EU ETS expenses for shipping companies could triple amid Red Sea crisis


The Cape route has caused bunker consumption to triple due to the extended distance, coupled with an increase in sailing speed, rising from 16 to 20 knots.

Frequent missile assaults conducted by Houthi rebels on vessels taking the Red Sea route have prompted an escalating number of commercial ships to opt for an alternative route to Europe via the Cape of Good Hope. Consequently, ships are extending their journeys by approximately 9000 nautical miles, or 80%, to the distance sailed.

Cargo volumes decline 21% in Red Sea region

According to Hamburg-based maritime technology company OceanScore, the tense situation in the Red Sea region has led to a surge in emissions liabilities for shipping companies under the EU Emissions Trading System (EU ETS). This is caused by the increasing prevalence of extended route diversions for ships heading towards Europe, leading to increased fuel usage.

Financial burdens

Albrecht Grell, OceanScore’s co-Managing Director, said: “We have observed increased speeds to compensate for at least some of the longer distance – to keep sailing times and the need for additional tonnage to be deployed at acceptable levels – and this has an inevitable impact on fuel consumption and emissions.”

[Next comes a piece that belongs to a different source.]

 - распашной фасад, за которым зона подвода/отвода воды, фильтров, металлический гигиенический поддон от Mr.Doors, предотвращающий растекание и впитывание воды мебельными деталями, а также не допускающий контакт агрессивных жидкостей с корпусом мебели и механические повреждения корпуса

OceanScore’s analysis reveals that the widespread rerouting of marine traffic is amplifying the financial burdens on shipping companies, primarily stemming from heightened exposure to the EU ETS regulations. These regulations impose liability for 50% of emissions for voyages to and from the EU, and 100% for port calls and transits within the EU.

Higher bunker consumption

Furthermore, OceanScore has estimated that the Cape of Good Hope route has caused bunker consumption to triple due to the extended distance, coupled with an approximate 25% increase in sailing speed, rising from 16 to 20 knots. These estimates are based on OceanScore’s Automatic Identification System (AIS) tracking data, primarily focusing on container vessels.

The OceanScore analysis, using a 14,000 TEU container ship as a case study, reveals that under the current 40% liability requirement during the three-year phase-in of the EU ETS starting from January 1, 2024, the number of EU Allowances (EUA) or carbon credits required to offset emissions would increase significantly.

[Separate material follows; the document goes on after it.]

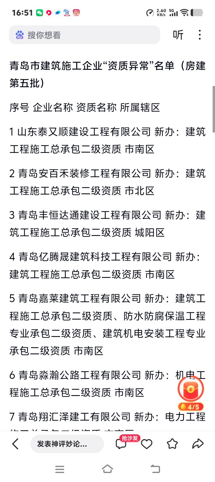 青岛住建局深夜亮剑!53家“空壳”建筑公司被揪出,你的房子还敢交给他们盖吗?市南区市北区城阳区等多地企业上榜! 当你在为新房装修奔波,为楼盘封顶欢呼时,可曾想过,那些光鲜亮丽的施工围挡背后,可能藏着一批“纸上谈兵”的建筑企业?近日,青岛市住建局一份重磅名单的公布,犹如一颗投入湖面的石子,瞬间激起了千层浪。 这份名为“房建第五批资质异常”的名单,赫然列着53家本地建筑企业的名字。从市南到城阳,从黄岛到即墨,覆盖范围之广令人心惊。它们被查出的问题出奇一致:注册类人员不达标。简单说,就是这些手握施工资质、承揽各类工程的公司,连最基本的专业技术人员配置都没凑齐! 这不禁让我们脊背发凉。这些“资质异常”的企业,过去可能正参与着你家小区的建设,负责着市政道路的施工,甚至承建过学校的教学楼。没有足够的技术负责人和工程师坐镇,工程质量如何保障?施工安全谁来负责?这不仅仅是名单上的一串字符,更是悬在无数业主和市民头顶的“达摩克利斯之剑”。 深入剖析,这种现象背后是行业长期存在的“资质挂靠”潜规则。一些企业为了快速拿到项目,临时拼凑人员满足审批,一旦资质到手,那些注册工程师便“神隐”。他们玩的是一场危险的“空手套白狼”游戏,用最低的成本撬动巨大的工程市场,最终将潜在的风险转嫁给社会和每一个消费者。 站在普通购房者和市民的角度,我们感到的不仅是愤怒,更是深深的无助。大多数人一生可能只买一套房,我们掏空六个钱包,赌上未来三十年,换来的应是安居乐业的港湾,而不是一个由“皮包公司”打造的、隐患未知的建筑产品。这份名单撕开了一道口子,让我们看到了繁华建筑市场下暗藏的冰山一角。 值得肯定的是,青岛住建部门的这次主动“亮剑”和公开曝光,是一次有力的监管升级。它传递出一个清晰信号:靠弄虚作假混迹市场的时代正在过去。动态核查、“双随机、一公开”,这些措施就是要让监管长出“牙齿”,让违规者无处遁形,从而净化市场,保护每一个人的切身利益。 当然,公布名单只是第一步。公众更期待看到后续的雷霆手段:这些企业是被限期整改,还是直接被清出市场?已完工的项目是否需要重新评估?未来的监管如何形成长效机制,杜绝“今天整改,明天复发”?这需要监管部门给出更清晰的答案和更坚决的行动。 建筑,是凝固的艺术,更是安全的基石。它承载的不是砖瓦水泥,而是千家万户的幸福与生命。这份异常名单是一记响亮的警钟,提醒我们所有人:对于家园的建设,我们必须较真。只有让每一个环节都暴露在阳光之下,才能让“安居”的梦想,真正安全落地。 (来源:青岛市住房和城乡建设局官方通告及乐易深度相关报道) 建筑安全 行业乱象
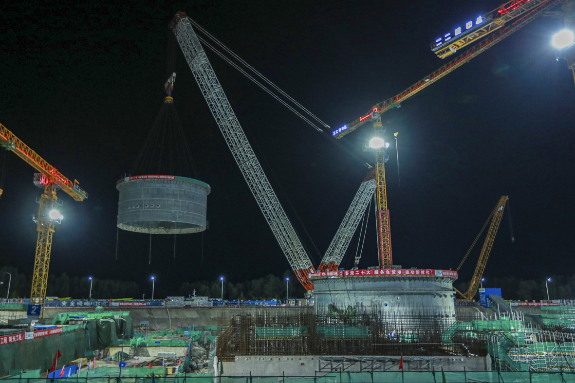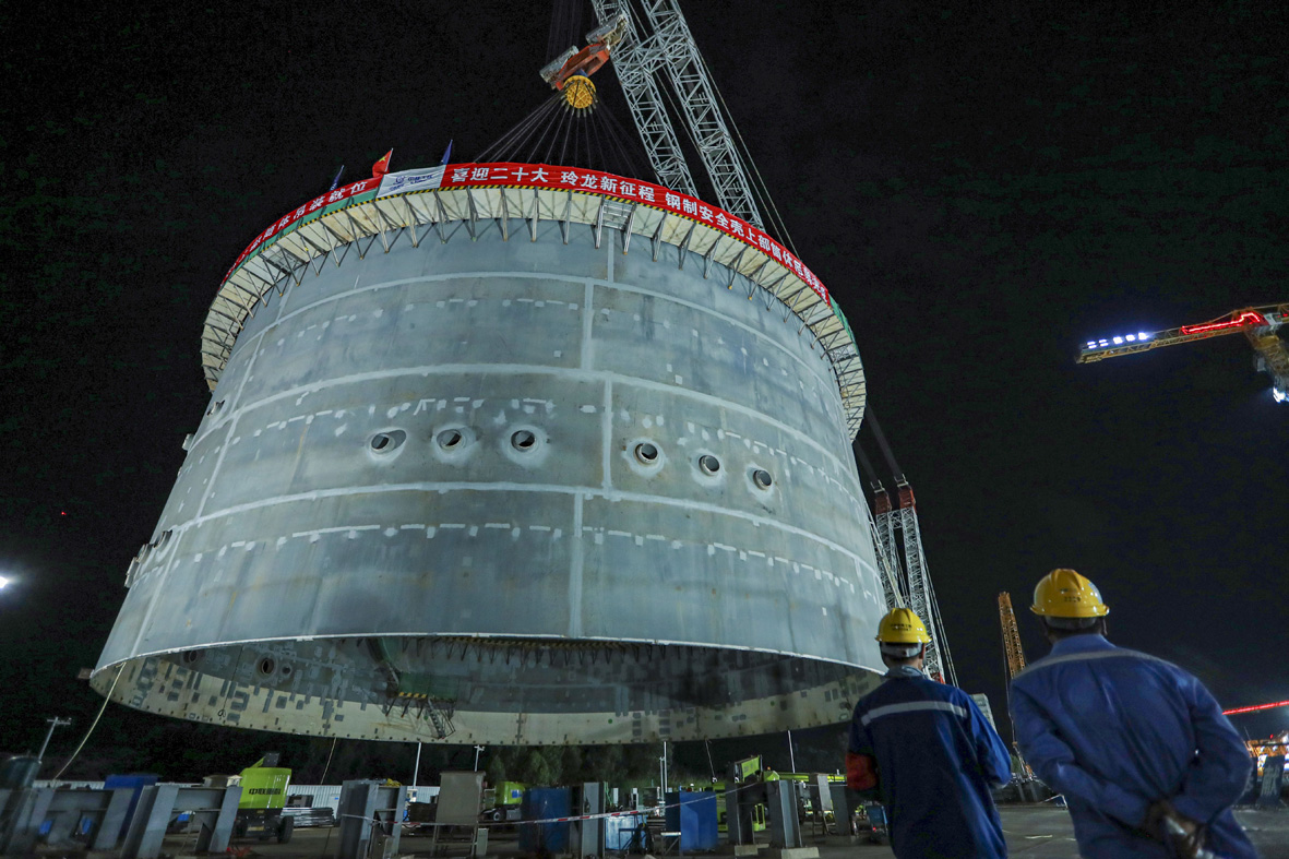 7月6日0时08分,全球首堆“玲龙一号”反应堆厂房钢制安全壳上部筒体,在海南昌江核电基地顺利吊装就位,比计划提前70天完成进度目标。据了解,本次吊装的钢制安全壳上部筒体整体高度约15米,吊装重量约720吨,是“玲龙一号”工程单次重量最大的一次吊装。图为7月5日拍摄的吊装现场。(无人机照片)(图片来源:中新社)

Specifically, the EUA requirement per voyage would escalate from 1,800 to 5,200. This represents a substantial rise, projected to reach 70% next year and 100% in 2026.

Consequently, the EUA costs would surge nearly threefold from EUR 98,000 to EUR 285,000 per voyage this year, assuming a prevailing carbon price of approximately EUR 55 per tonne of CO2. This translates to an increase of EUR 18 per twenty-foot equivalent unit (TEU).

Grell noted that if the volatile carbon price were to return to its level of around EUR 100 observed a year ago, these costs would almost double.